原文地址:http://linux.52zhe.info/read.php/274.htm
原文看着更美观一些,建议看原文。
关于heartbeat的troubleshooting?
OS:SLES 11 SP2 64bit
HA:SLE-HAE 11 SP2
一:resource agent
二:stonith
三:log analysis
对于heartbeat使用配置不在此文描述,主要是对配置过程中,进行TroubleShooting的分析处理。对此我们分为两类。一种就是resource agent,另外就是stonith.
下面的是heartbeat的一个已成功的核心配置(可以通过crm configure show来获取heartbeat当前的配置情况)
node node1
node node2
primitive p_apache ocf:heartbeat:apache \
op monitor interval="10" \
op start interval="0" timeout="45" \
op stop interval="0" timeout="65"
primitive p_vip ocf:heartbeat:IPaddr2 \
params ip="10.10.10.250" \
op monitor interval="15" timeout="30" \
primitive p_ping ocf:pacemaker:ping \
params multiplier="100" dampen="5" host_list="10.10.10.1" \
op monitor interval="15" timemout="60" \
op start interval="0" timeout="60"
primitive st_ilo_1 stonith:external/ipmi \
params hostname="node1" ipaddr="192.168.203.1" userid="Administrator" passwd="123456" interface="lanplus" \
primitive st_ilo_2 stonith:external/ipmi \
params hostname="node2" ipaddr="192.168.203.2" userid="Administrator" passwd="123456" interface="lanplus" \
group g_apache p_vip p_apache
clone cl_ping p_ping \
location l_conn g_apache \
rule $id="l_conn-rule" -inf: not_defined pingd or pingd lte 0
location l_apache g_apache +inf: node1
location l_node1 st_ilo_1 -inf: node1
location l_node2 st_ilo_2 -inf: node2
property $id="cib-bootstrap-options" \
dc-version="1.1.6-b988976485d15cb702c9307df55512d323831a5e" \
cluster-infrastructure="openais" \
expected-quorum-votes="2" \
no-quorum-policy="ignore"
一:在对Resource Agent进行处理时,主要用到以下方法:
1:获取可用资源类型:
crm(live)# ra help
This level contains commands which show various information about
the installed resource agents.
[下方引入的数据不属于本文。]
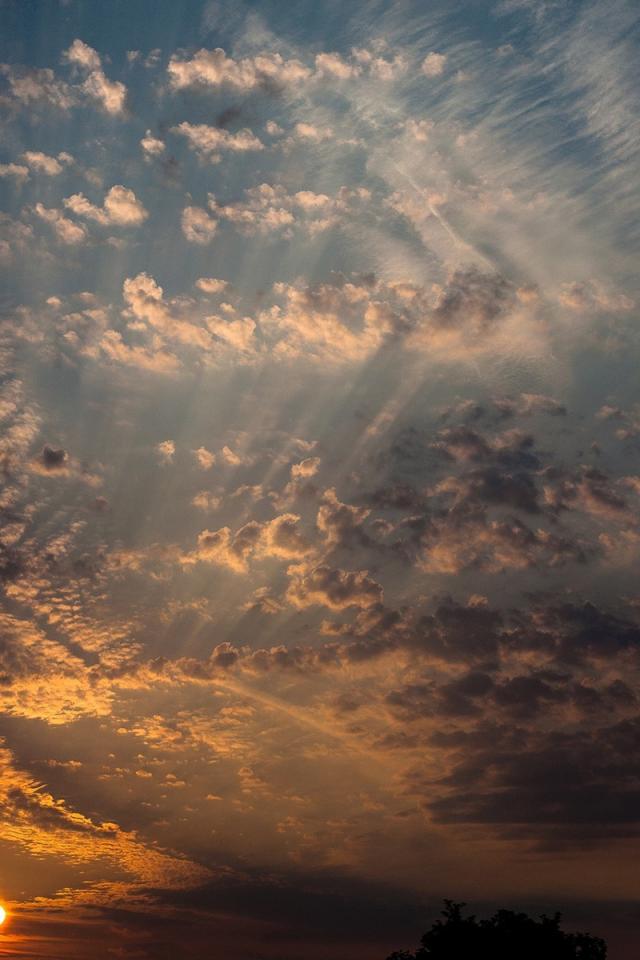 Wallpaper Sun at sunset illuminates cirrus clouds
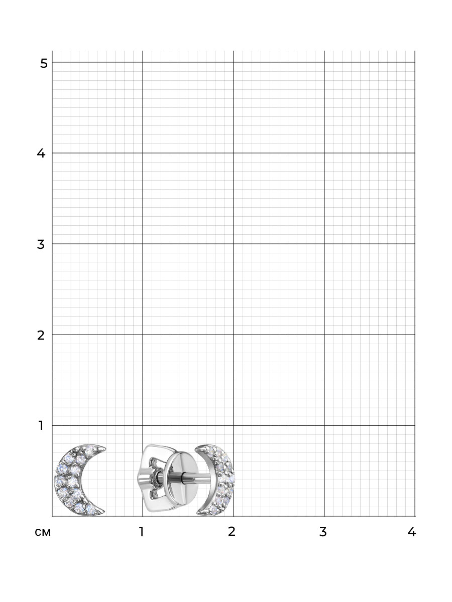 Пусеты Месяц с фианитами выполнены из серебра 925 пробы с родиевым покрытием. Характеристики. Вставка 24 недрагоценных бесцветных фианита 1мм огранка круг. Высота серьги 7,5мм, ширина 5,3мм, глубина 1,3мм. Рабочая зона штифта 4,5мм. Берегите изделие от воздействия влаги, любых спиртосодержащих растворов и жидкостей, а также парфюма. Для ухода и чистки желательно использовать специальные салфетки для серебра. Приятным дополнением к ювелирному украшению является фирменная упаковка. Значение веса и габаритов в характеристиках примерные и могут отличаться от фактических.

It is available both at the top
level and at the `configure` level.
Available commands:
classes list classes and providers
list list RA for a class (and provider)
meta show meta data for a RA
providers show providers for a RA and a class
quit exit the program
help show help
end go back one level
crm(live)# ra classes
heartbeat
lsb
ocf / heartbeat linbit lvm2 ocfs2 pacemaker
stonith
crm(live)# ra list ocf
AoEtarget AudibleAlarm CTDB ClusterMon Delay
Dummy EvmsSCC Evmsd Filesystem HealthCPU
HealthSMART ICP IPaddr IPaddr2 IPsrcaddr
IPv6addr LVM LinuxSCSI MailTo ManageRAID
ManageVE NodeUtilization Pure-FTPd Raid1 Route
SAPDatabase SAPInstance SendArp ServeRAID SphinxSearchDaemon
Squid Stateful SysInfo SystemHealth VIPArip
VirtualDomain WAS WAS6 WinPopup Xen
Xinetd anything apache asterisk clvmd
cmirrord conntrackd controld db2 drbd
eDir88 ethmonitor exportfs fio iSCSILogicalUnit
iSCSITarget ids iscsi jboss ldirectord
lxc mysql mysql-proxy named nfsserver
nginx o2cb oracle oralsnr pgsql
ping pingd portblock postfix proftpd
rsyncd rsyslog scsi2reservation sfex slapd
symlink syslog-ng tomcat varnish vmware
crm(live)# ra list stonith
apcmaster apcmastersnmp apcsmart baytech
bladehpi cyclades drac3 external/drac5
external/dracmc-telnet external/hetzner external/hmchttp external/ibmrsa
external/ibmrsa-telnet external/ipmi external/ippower9258 external/kdumpcheck
external/libvirt external/nut external/rackpdu external/riloe
external/sbd external/vcenter external/vmware external/xen0
external/xen0-ha ibmhmc ipmilan meatware
nw_rpc100s rcd_serial rps10 suicide
wti_mpc wti_nps
2:查看Resource Agent的具体用法
A:通过crm获取
crm(live)# ra meta ocf:heartbeat:apache
Manages an Apache web server instance (ocf:heartbeat:apache)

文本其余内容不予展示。